# Task instructions:
Any image in the records should be left out; output everything else exactly.
########
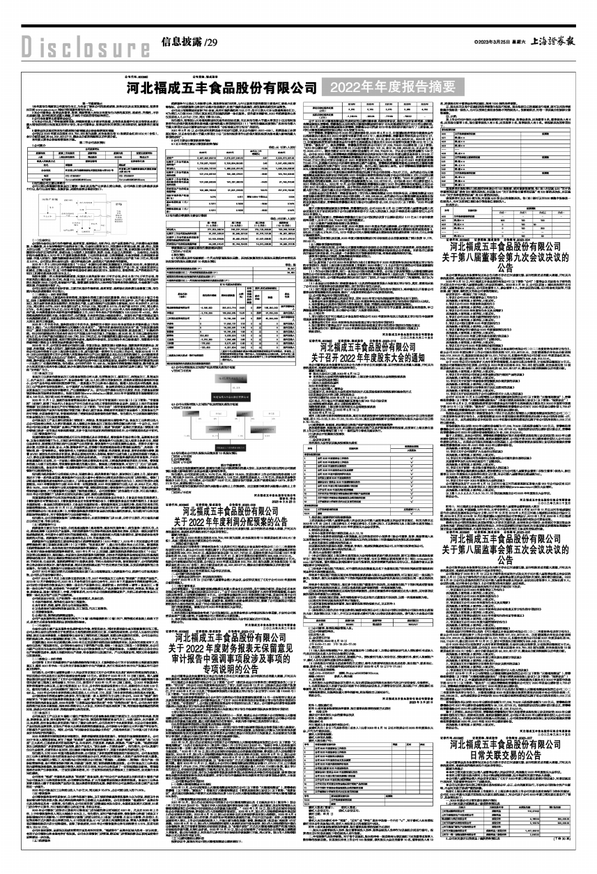 河北福成五丰食品股份有限公司2022年年度报告摘要
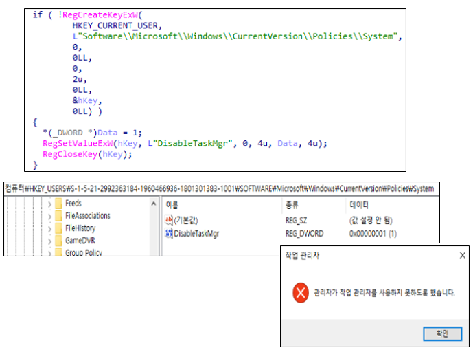 작업 관리자 강제 종료 루틴 외에도, Shuyal Stealer는 작업 관리자의 실행 자체를 차단하기 위해 레지스트리 키를 변경하는 기능을 수행한다. Software\Microsoft\Windows\CurrentVersion\Policies\System 경로에 DisableTaskMgr 값을 1로 설정하여 작업 관리자 실행을 비활성화하는 방식이다. 해당 설정이 적용되면 사용자는 작업 관리자를 열 수 없게 된다.
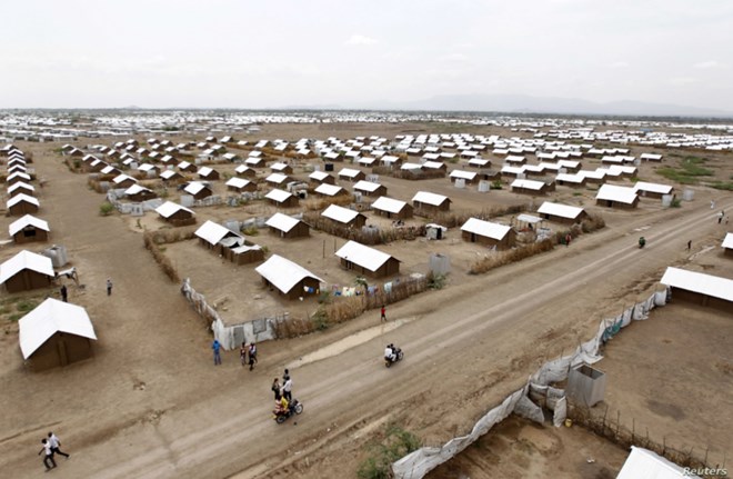 FILE - An aerial view shows houses at the Kakuma refugee camp in Turkana District, northwest of Kenya's capital Nairobi, June 20, 2015.
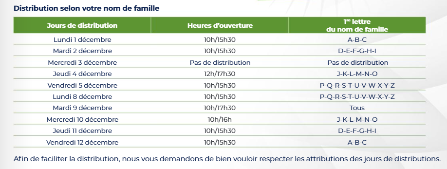 - Pas de distribution le mercredi 3 décembre (journée récréative).
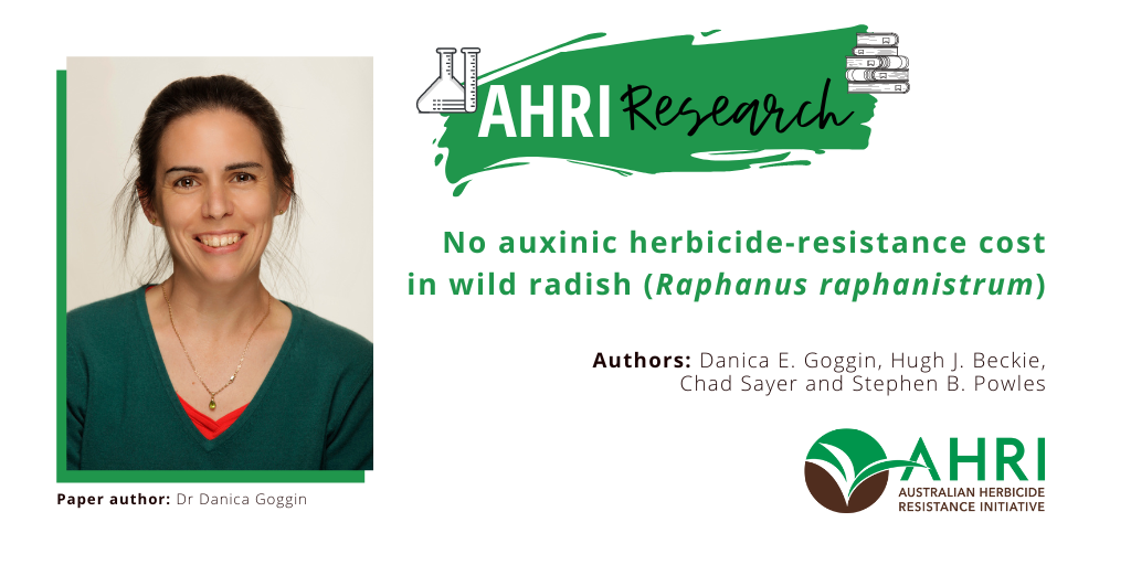 In this study, Danica Goggin used 11 very well characterised resistant wild radish populations and two susceptible populations grown in the presence and absence of competition from wheat so as to examine for any auxinic herbicide resistance fitness cost. She found no evidence of a fitness cost. The two susceptible and 11 resistant populations were equally suppressed by wheat competition, with growth and seed production equally reduced by competition. Thus, across these 11 resistant populations that had all been earlier studied at the mechanistic level (Goggin et al 2018), there was no evidence of a fitness cost associated with auxinic herbicide resistance.
########
# Answer space:
 河北福成五丰食品股份有限公司2022年年度报告摘要
 작업 관리자 강제 종료 루틴 외에도, Shuyal Stealer는 작업 관리자의 실행 자체를 차단하기 위해 레지스트리 키를 변경하는 기능을 수행한다. Software\Microsoft\Windows\CurrentVersion\Policies\System 경로에 DisableTaskMgr 값을 1로 설정하여 작업 관리자 실행을 비활성화하는 방식이다. 해당 설정이 적용되면 사용자는 작업 관리자를 열 수 없게 된다.
 FILE - An aerial view shows houses at the Kakuma refugee camp in Turkana District, northwest of Kenya's capital Nairobi, June 20, 2015.
 - Pas de distribution le mercredi 3 décembre (journée récréative).
 In this study, Danica Goggin used 11 very well characterised resistant wild radish populations and two susceptible populations grown in the presence and absence of competition from wheat so as to examine for any auxinic herbicide resistance fitness cost. She found no evidence of a fitness cost. The two susceptible and 11 resistant populations were equally suppressed by wheat competition, with growth and seed production equally reduced by competition. Thus, across these 11 resistant populations that had all been earlier studied at the mechanistic level (Goggin et al 2018), there was no evidence of a fitness cost associated with auxinic herbicide resistance.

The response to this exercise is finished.